Rusya'da "Bolşevikler" adı verilen komünist militanlarla birlikte gerçekleştirdiği 1917 devrimi ve onu izleyen kanlı bir iç savaştan sonra iktidarı ele geçiren Lenin, kendinden sonra nasıl kanlı bir politika izleneceğinin de işaretlerini vermişti. Kendisine ve komünist sisteme karşı gelen herkesi kurşuna dizdirmiş, ülke içinde yaşanan iç savaş tam üç yıl sürmüş, Rusya tam bir harabeye dönüşmüştü. Lenin bu kanlı savaş sonunda dünyanın ilk totaliter tek parti diktatörlüğünü kurmuştu. Bu dönemde Rusya ekonomik açıdan tam bir felce uğramıştı, fakir halktan zorla vergi alınıp, açlık ve sefaletin dozu giderek artırılıyordu. Üretim alanları, fabrikalar, işletmeler devletleştirilmiş ve bu girişimlere de kimse karşı koyamamıştı. Çünkü karşı koyanların sonu herkes tarafından çok iyi biliniyordu. Uyguladığı politikalarla yakın çevresinin dahi nefretini kazanan Lenin'in 1924'teki ölümü sonrası Komünist Parti'nin başına dünyanın en kanlı diktatörü sayılan Stalin geçti.

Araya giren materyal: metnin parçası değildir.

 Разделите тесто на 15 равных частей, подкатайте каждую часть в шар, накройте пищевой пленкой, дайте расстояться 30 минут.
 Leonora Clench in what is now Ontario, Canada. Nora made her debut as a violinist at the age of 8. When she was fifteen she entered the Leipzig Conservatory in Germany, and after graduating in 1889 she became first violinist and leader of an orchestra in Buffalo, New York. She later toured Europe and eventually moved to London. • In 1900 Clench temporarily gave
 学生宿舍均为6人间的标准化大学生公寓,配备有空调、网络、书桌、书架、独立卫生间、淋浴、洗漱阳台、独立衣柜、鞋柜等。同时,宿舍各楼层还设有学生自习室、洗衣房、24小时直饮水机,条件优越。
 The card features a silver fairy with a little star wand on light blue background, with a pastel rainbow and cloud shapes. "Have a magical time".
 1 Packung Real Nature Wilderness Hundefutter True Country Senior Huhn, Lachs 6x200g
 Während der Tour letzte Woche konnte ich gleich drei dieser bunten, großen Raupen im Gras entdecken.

Stalin, 30 yıl süren iktidarı boyunca, adeta komünizmin ne denli acımasız bir sistem olduğunu ispatlarcasına bir korku imparatorluğu kurdu. Ülkeyi "komünizm projesini" gerçekleştirme adı altında açlık ve sefalete sürükleme, baskıcı yönetim, köylü halkın zorla çalıştırılması ve mallarına el konması, dini yaşama haklarının tamamen elden alınması hepsi bu kanlı diktatör döneminde hızlandırılmıştı.

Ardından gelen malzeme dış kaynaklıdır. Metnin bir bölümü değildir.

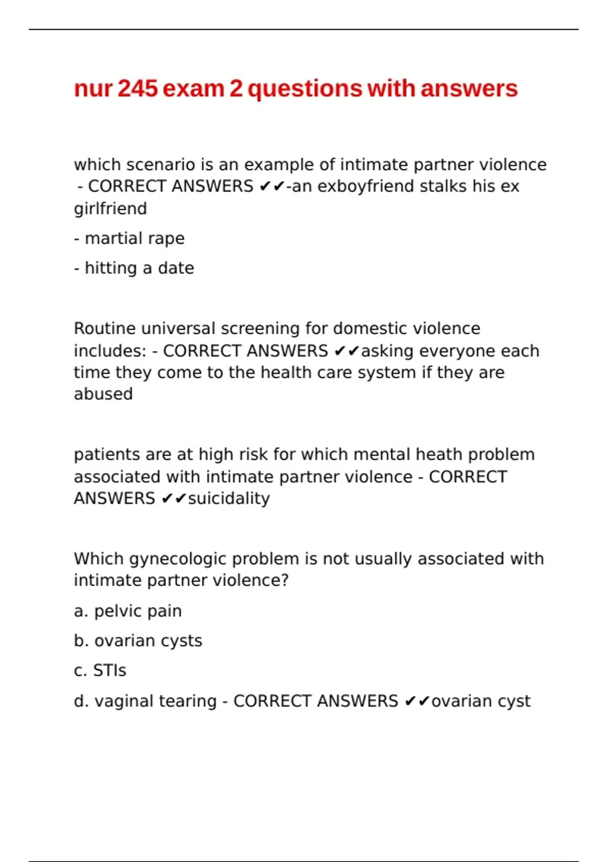 CORRECT ANSWERS ✔✔abuse during pregnancy |\ |\ |\ |\
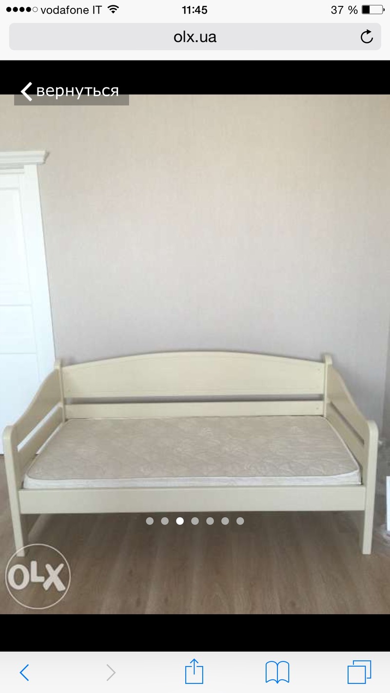 Новая кровать, собранная, размер 180*90, матрац очень хорошего качества, новый, в пленке, прочная, цвет слоновая кость, не подошла в детскую по размеру. Купленная в ТЦ Диамант, за 5570 грн. |
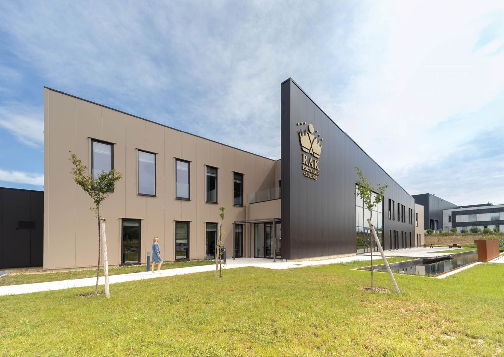 Le site actuel du fabricant de porcelaine à Windhof ayant atteint sa capacité maximale, un bâtiment multifonctionnel de 5 500 m2 a été construit au “Krakelshaff”, pôle logistique et ferroviaire de Bettembourg. Le nouveau centre de distribution européen de RAK Porcelain permet à l’entreprise de regrouper toutes ses activités logistiques, comme la réception de 11 millions de produits finis en porcelaine expédiés au Luxembourg chaque année de l’usine de Ras al-Kaimah. Les trois quarts du bâtiment sont occupés par les stocks de porcelaine : une plateforme qui dessert toute l’Europe. A côté des 350 m2 de bureaux, se situe l’espace d’exposition où sont mises en scène les collections. La qualité des finitions et l’architecture intérieure créent une ambiance raffinée et très contemporaine qui renforce l’esthétique de l’ensemble. Une conception architecturale intelligente, des solutions constructives tirant parti des ressources disponibles telle que la structure en acier : cette réalisation allie esthétique et légèreté, et s’intègre parfaitement dans son environnement.

Stalin'in ilk önemli icraatı, Rusya nüfusunun yüzde 80'ini oluşturan köylülerin tarlalarına devlet adına el koymak oldu. Özel mülkiyeti yok etmeye yönelik bu politika gereği, Rus köylülerinin bütün mahsulü silahlı görevliler tarafından toplandı. Bunun sonucunda, çok şiddetli bir açlık baş gösterdi. Yiyecek hiçbir şey bulamayan milyonlarca kadın, çocuk ve yaşlı açlıktan yaşamını yitirdi. Kazakistan nüfusunun yüzde 20'si açlıktan öldü. Kafkasya'daki ölü sayısı bir milyonu aştı. Stalin, bu politikasına direnmeye çalışan yüz binlerce insanı, Sibirya'daki çalışma kamplarına yolladı. Tutsakların çok ağır şartlarda ölesiye çalıştırıldıkları bu kamplar, bu insanların çoğuna mezar olacaktı. Öte yandan on binlerce insan, Stalin'in gizli polisi tarafından idam edildi. Aralarında Kırım ya da Türkistan Türkleri'nin de bulunduğu milyonlar, Rusya'nın uzak köşelerine zorla göç ettirildi.

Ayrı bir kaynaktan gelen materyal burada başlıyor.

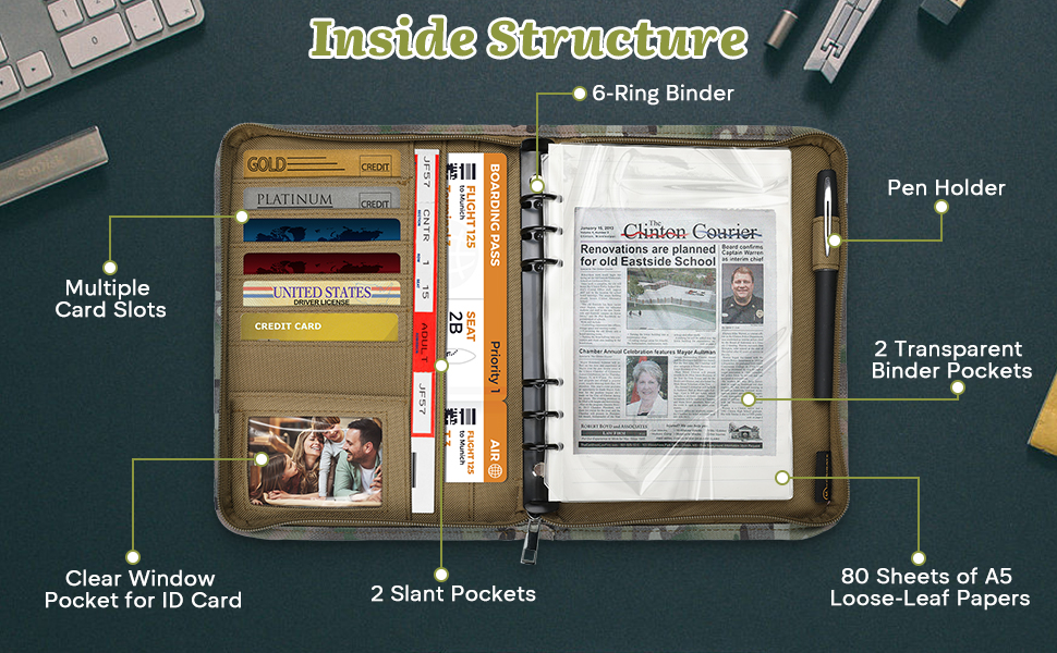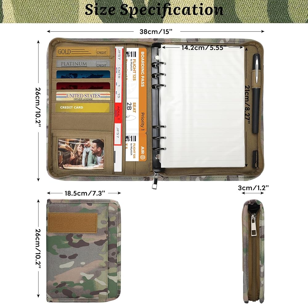 【Durable Construction】Crafted from high-grade oxford cloth, this tactical padfolio binder is built to withstand the rigors of daily use and remains in excellent condition over time. It offers exceptional durability and resistance to wear and tear, ensuring long-lasting performance. Whether you're constantly on the move or in a professional setting that demands durability, this padfolio organizer is up to the task.
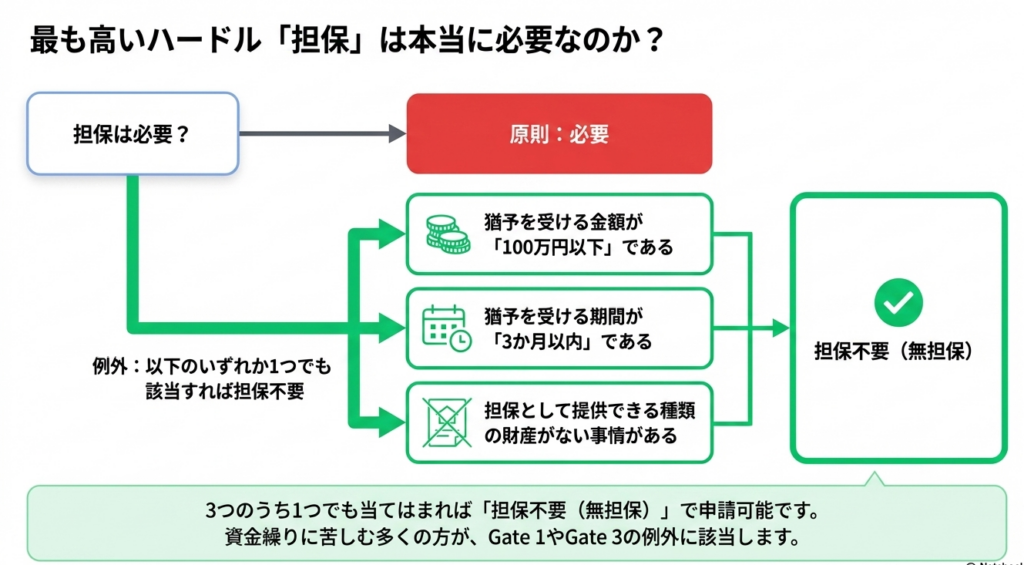 猶予を受ける際は担保提供が原則ですが、以下のいずれかに該当する場合は免除されます。
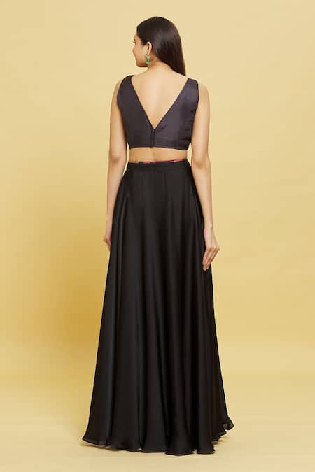 Black Printed Forest Patterns V Neck Bouse Lehenga Set
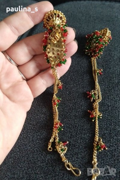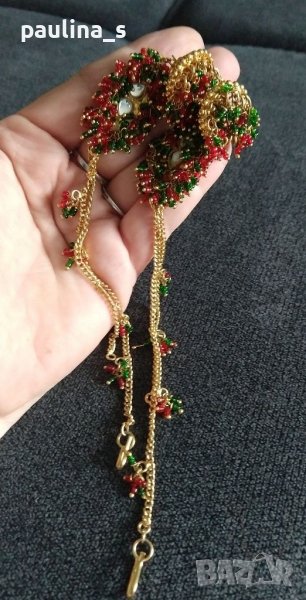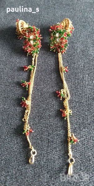 1️⃣. Изумителни висящи обеци от Индия с кукички за закачване на обеци на носа. В златисто са с червени, зелени и бели камъни, нови - цена 10 евро.
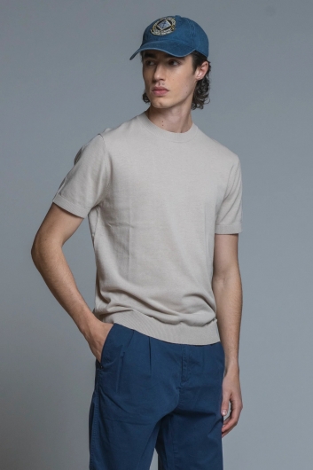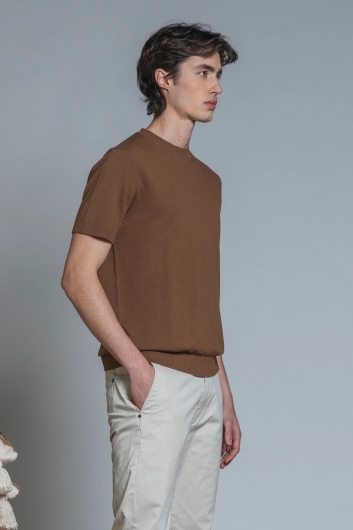 Maglione girocollo a manica corta dallo stile pulito e raffinato, realizzato in cotone crepe per una texture leggermente mossa, fresca e traspirante. La lavorazione tinto filo valorizza il colore, rendendolo intenso e uniforme nel tempo.Il design essenziale è completato da collo, fondo e fine maniche in costina, che garantiscono comfort, stabilità della forma e una vestibilità curata. Un capo versatile e leggero, perfetto per look casual ed eleganti.
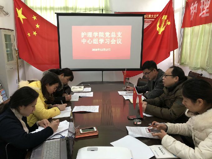 本网讯 2018年12月17日下午2点,护理学院党总支在103会议室开展了本月的中心组学习会,会议由党总支副书记胡宇主持,周鸣鸣副院长列席参加。
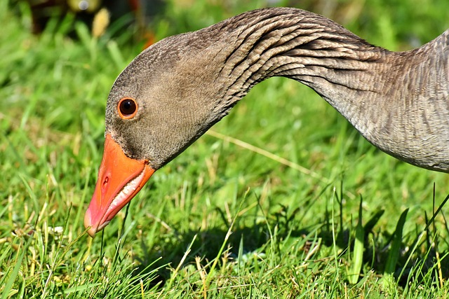 Shower Curtain: goose, bird, greylag goose, animal, poultry, plumage, feathers, beak, wild goose, grass, water bird, waterfowl, head, neck, wildlife, close up, nature

Stalin, tüm bu kanlı politikaları sonucunda yaklaşık 20 milyon insanı katletti. Tarihçilerin bildirdiğine göre, bu vahşetten özel bir zevk duyuyordu. Kremlin'deki çalışma masasına oturup, toplama kamplarında öldürülen ya da idam edilen insanların sayılarını içeren listeleri incelemekten büyük keyif alıyordu. Stalin döneminde devlet terörü sadece sistemi eleştirenlere ve aydınlara zarar vermekle kalmamış, herkes kendini tehdit altında hisseder hale gelmişti. En ufak bir "muhalefet"i olduğu düşünülen insanlar, kitleler halinde "Gulag" adı verilen toplama kamplarına dolduruluyor ve katlediliyordu. Stalin terör sayesinde ülkenin tümü üstünde mutlak iktidarını kurdu.